At the risk of belaboring the obvious, Demon's Gate is a fantasy. Its setting is not our own world's Bronze Age, although its geography and climatology are markedly similar. It mirrors European prehistory, but with larger and more developed political units and a higher level of sophistication about certain things, most notably theology. (As far as the latter is concerned, a case can be made for the presence of Zoroastrian-style dualism a thousand years early.

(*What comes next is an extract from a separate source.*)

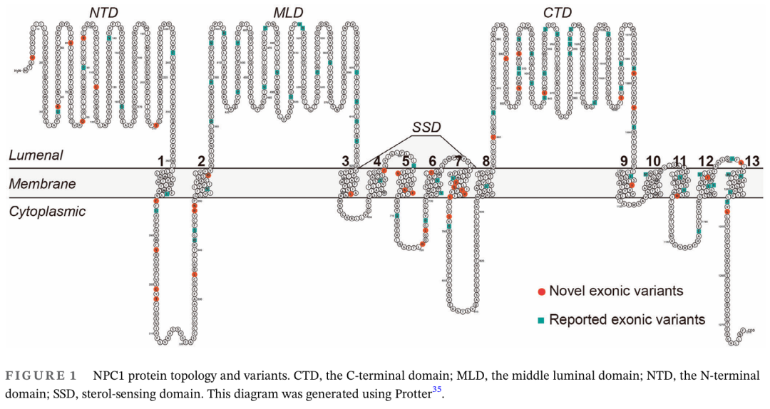 NPC1基因突变的异质性较强,截至目前,已经报道了578个致病和可能致病的NPC1变异,其中263个为错义突变。目前,仅有少数几个出现频率较高的NPC1变体被发现与特定的临床表型相关,如p.G992R、p.R978C、p.D874V和p.P1007A与轻型相关。对于绝大多数NPC1突变来说,无相关的表型信息,这对于在疾病早期特别是尚未出现神经系统受损之时,对患者病情的难以预判。
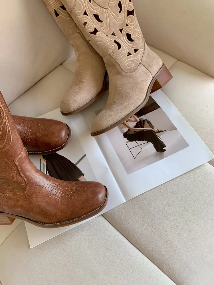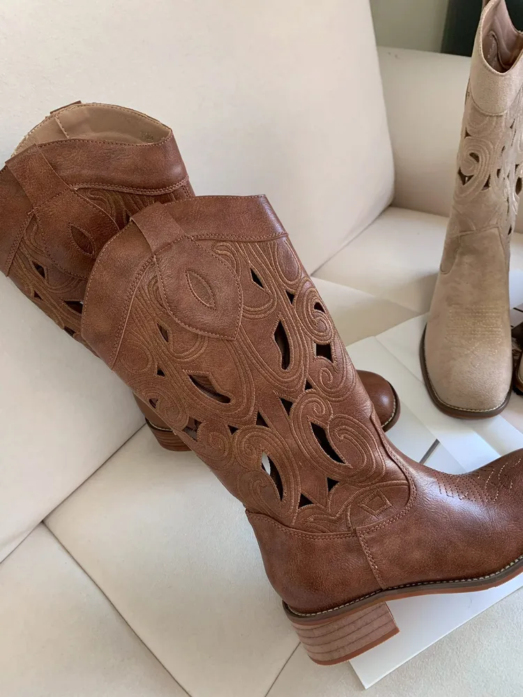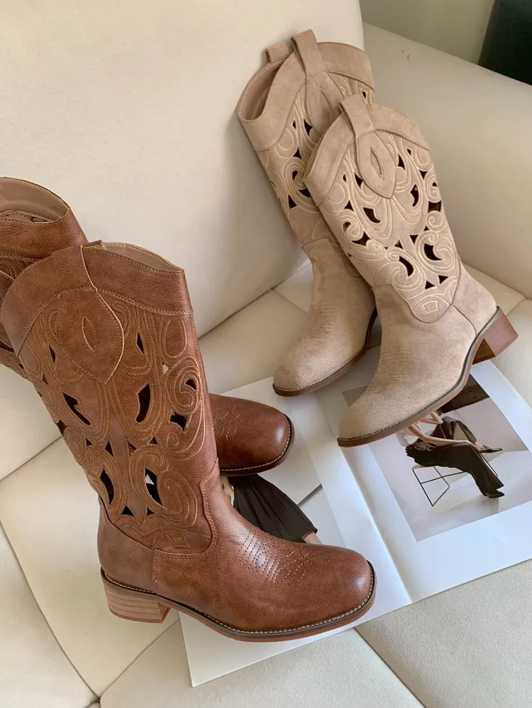 C3710春夏簍空雕花皮革靴

After all, in the Demon's Gate world it's real . . . more or less, as Nyrthim would say.) At the same time, the mundane technology of this world—metallurgy, shipbuilding, construction techniques, chariots and their use, and so forth—is as accurate in terms of our current knowledge of the European Bronze Age as conscientious research can make it.
The pronunciation of the various languages is fairly self-explanatory. Final vowels are always sounded. The aa combination in Dovnaan words represents an ah sound shading toward aw. In words of Nimosei derivation (including numerous names and loan-words in Ayoliysei, such as "Ayoliysei" itself), iy approximates a shortened one-syllable form of the sound sometimes rendered as aiee.
I make no apologies for using English units of measurement. Metrics would be even more anachronistic. More anachronistic still would be to put fashionable modern sentiments on such subjects as slavery, war, social equality and gender roles into the mouths of the characters.